With all due deference to the decision of the High Court of Australia, we believe that the word "Manila" in conjunction with the letters "c. i. f." must mean that the contract price, covering costs, insurance, and freight, signifies that delivery was to be made at Manila. If the plaintiff company had seriously thought that the place of delivery was New York and not Manila, it would, not have gone to the trouble of making fruitless attempts to substitute goods for the merchandise named in the contract, but would have permitted the entire loss of the shipment to fall upon the defendant. Under plaintiff's hypothesis, the defendant would have been the absolute owner of the specific soda confiscated at Penang and would have been indebted for the contract price of the same.
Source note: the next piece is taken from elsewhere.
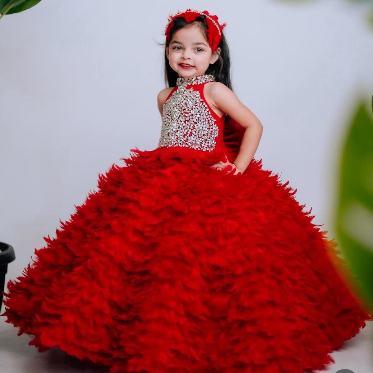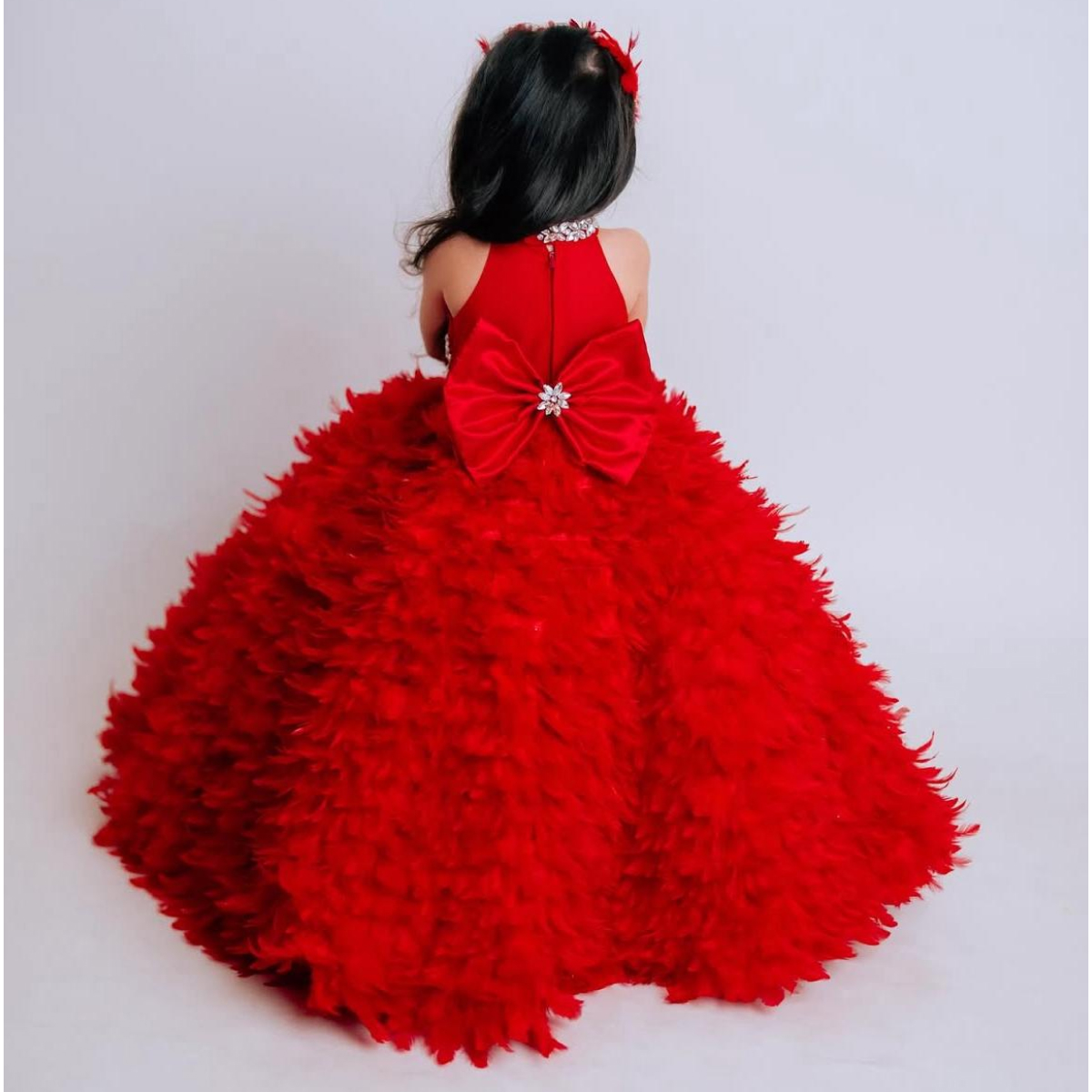 Radiant in red, this frock is made to stand out—ideal for flower girls who bring love and sparkle to every step.
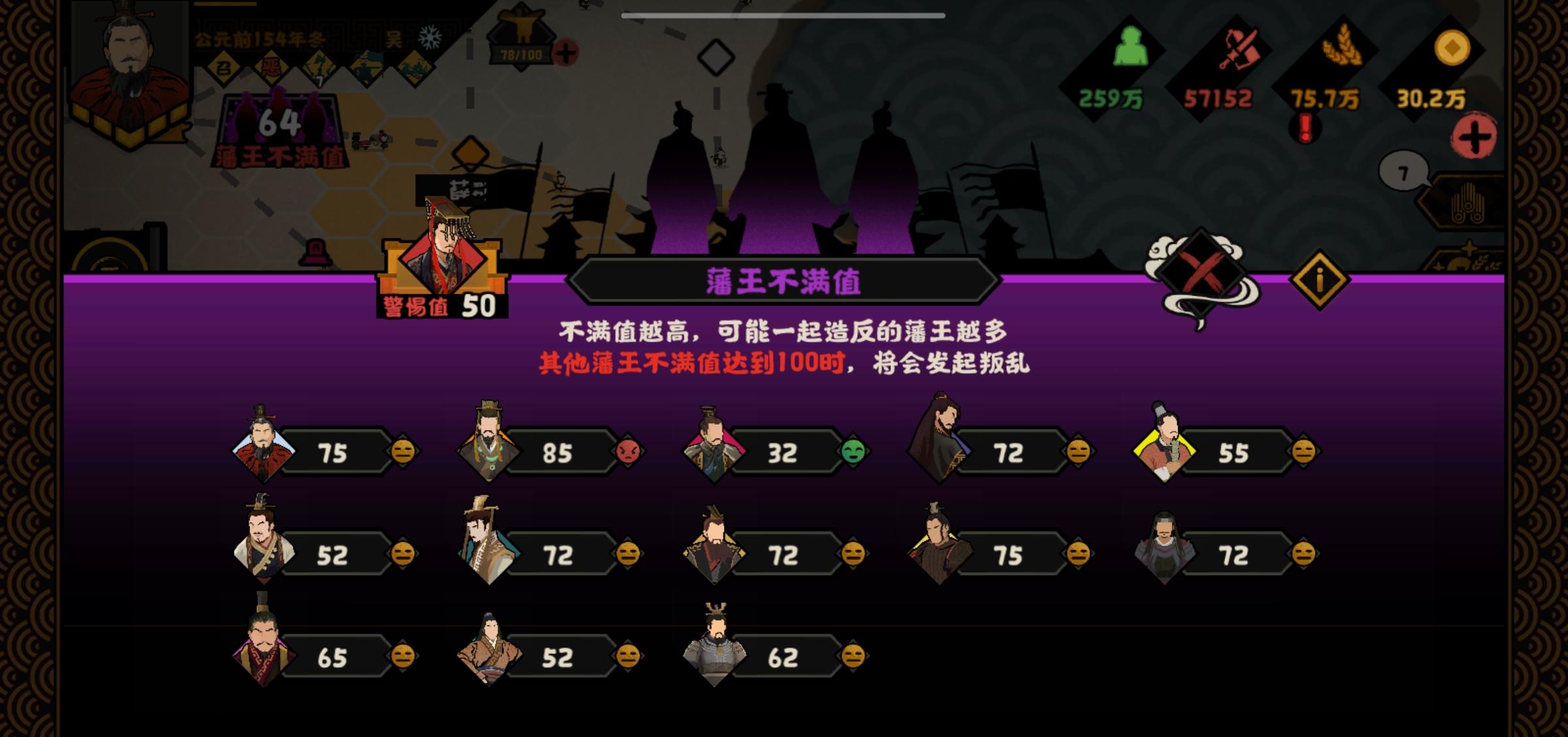 注:这套打法主要依靠会盟压藩王的不满值,从而在掀起叛乱时保证吴王所需的队友

This view is corroborated by the facts. The goods were not shipped nor consigned from New York to plaintiff. The bill of lading was for goods received from Neuss Hesslein & Co. The documents evidencing said shipment and symbolizing the property were sent by Neuss Hesslein & Co. to the Bank of the Philippine Islands with a draft upon Behn, Meyer & Co. and with instructions to deliver the same, and thus transfer the property to Behn, Meyer & Co. when and if Behn Meyer & Co. should pay the draft.

The place of delivery was Manila and plaintiff has not legally excused default in delivery of the specified merchandise at that place.


Facts. The contract provided for: "Embarque: March, 1916." The merchandise was in fact shipped from New York on the Steamship Chinese Prince on April 12, 1916.

Law. The previous discussion makes a resolution of this point unprofitable, although the decision of the United States Supreme Court in Norrington vs. Wright ([1885], 115 U. S., 188) can be read with profit. Appellant's second and third assignments of error could, if necessary, be admitted, and still it could not recover.


To answer the inquiry with which we began this decision, the contract between the parties was for 80 drums of caustic soda, 76 per cent "Carabao" brand, at the price of $9.75 per one hundred pounds, cost, insurance, and freight included, to be shipped during March, 1916, to be delivered at Manila and paid for on delivery of the documents.


In resume, we find that the plaintiff has not proved the performance on its part of the conditions precedent in the contract. The warranty the material promise of the seller to the buyer has not been complied with. The buyer may therefore rescind the contract of sale because of a breach in substantial particulars going to the essence of the contract. As contemplated by article 1451 of the Civil Code, the vendee can demand the fulfilment of the contract, and this being shown to be impossible, is relieved of his obligation. There thus being sufficient ground for rescission, the defendant is not liable.

The judgment of the trial court ordering that the plaintiff take nothing by its action, without special finding as to costs, is affirmed, with the costs of this instance against the appellant. So ordered.

Arellano, C. J., Torres, Johnson, Street, and Avanceña, JJ., concur.